Using Protein Scaffolds to Redirect Photosynthetic Reducing Power for Biosynthesis of Natural Products

Photosynthesis in plants provides ATP and NADPH as well as carbon sources for primary metabolism. Cytochrome P450 monooxygenases (P450s) in the plant endoplasmic reticulum (ER) are essential in the synthesis of many bioactive natural products, powered by single electron transfers from NADPH. We have recently demonstrated that it is possible to break the evolutionary compartmentalization of energy generation and P450-catalysed biosynthesis, by relocating an entire P450 dependent pathway to the chloroplast and driving the pathway by direct use of the reducing power generated by photosystem I in a light-dependent manner ^[1]. This demonstrates the potential of transferring pathways for structurally complex high-value natural products and directly tapping into the reducing power generated by photosynthesis to drive the P450s using water as the primary electron donor.

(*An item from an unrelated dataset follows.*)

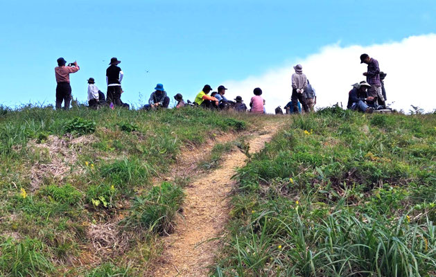 高山植物園ではニッコウキスゲが満開で、他の花々を圧倒し、他の小さな花々がかすんでしまっているようです。その中でもハクサンフウロ、ササユリ、イブキトラノオなどが咲いていました。以前来た時には、シモツケソウ、タカネマツムシソウなどが多くみられたのですが、わずかの来園時期のちがいかもしれません。女性の方も多く参加してくださり、植物園も若々しい方たちで映えていました。ちなみに筆者の名前は〇映です。
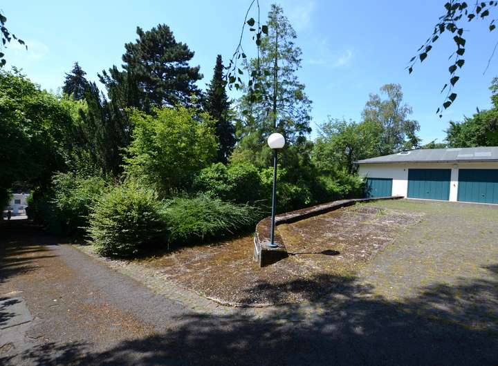 Auf dem oberen Grundstücksteil befindet sich ein zweites Baufenster auf dem sich aktuell ein Garagengebäude mit Stellplätzen befindet.

Current work is directed towards exploring different strategies to optimize channeling of product formation. One approach to ensure co-localization of the enzymes in the thylakoid membrane is the fusion of the enzymes to components of the Twin-arginine translocation pathway – TatB and TatC. These are membrane anchored and have inherent self-organizing properties which will allow us to recruit the enzymes into close proximity and thereby reduce metabolic load. An alternative approach is scaffolding which aims at more efficient channeling of the substrate and intermediates. For this we utilize the protein-protein binding properties of PDZ domains for building a modular synthetic scaffold. These are around 80-90 amino acids and bind to the C-terminus of their target proteins (~10 aa) with different specificity. By making fusion proteins of the required enzymes with the ligand peptides, we can spatially recruit them in a desirable manner. We expect that both strategies should reduce formation of intermediaries, limit cross-talk between signaling pathways, improve substrate channeling and consequently increase product yields.

References

[1]Zygadlo-Nielsen, A. et al. Redirecting Photosynthetic Reducing Power toward Bioactive Natural Product Synthesis. ACS Synth. Biol., 2013, 2 (6), pp 308–315, DOI: 10.1021/sb300128r

Funding from UNIK Center for Synthetic Biology, Interdisciplinary Research Center “bioSYNergy”, and the VILLUM Research Center “Plant Plasticity”, is gratefully acknowledged.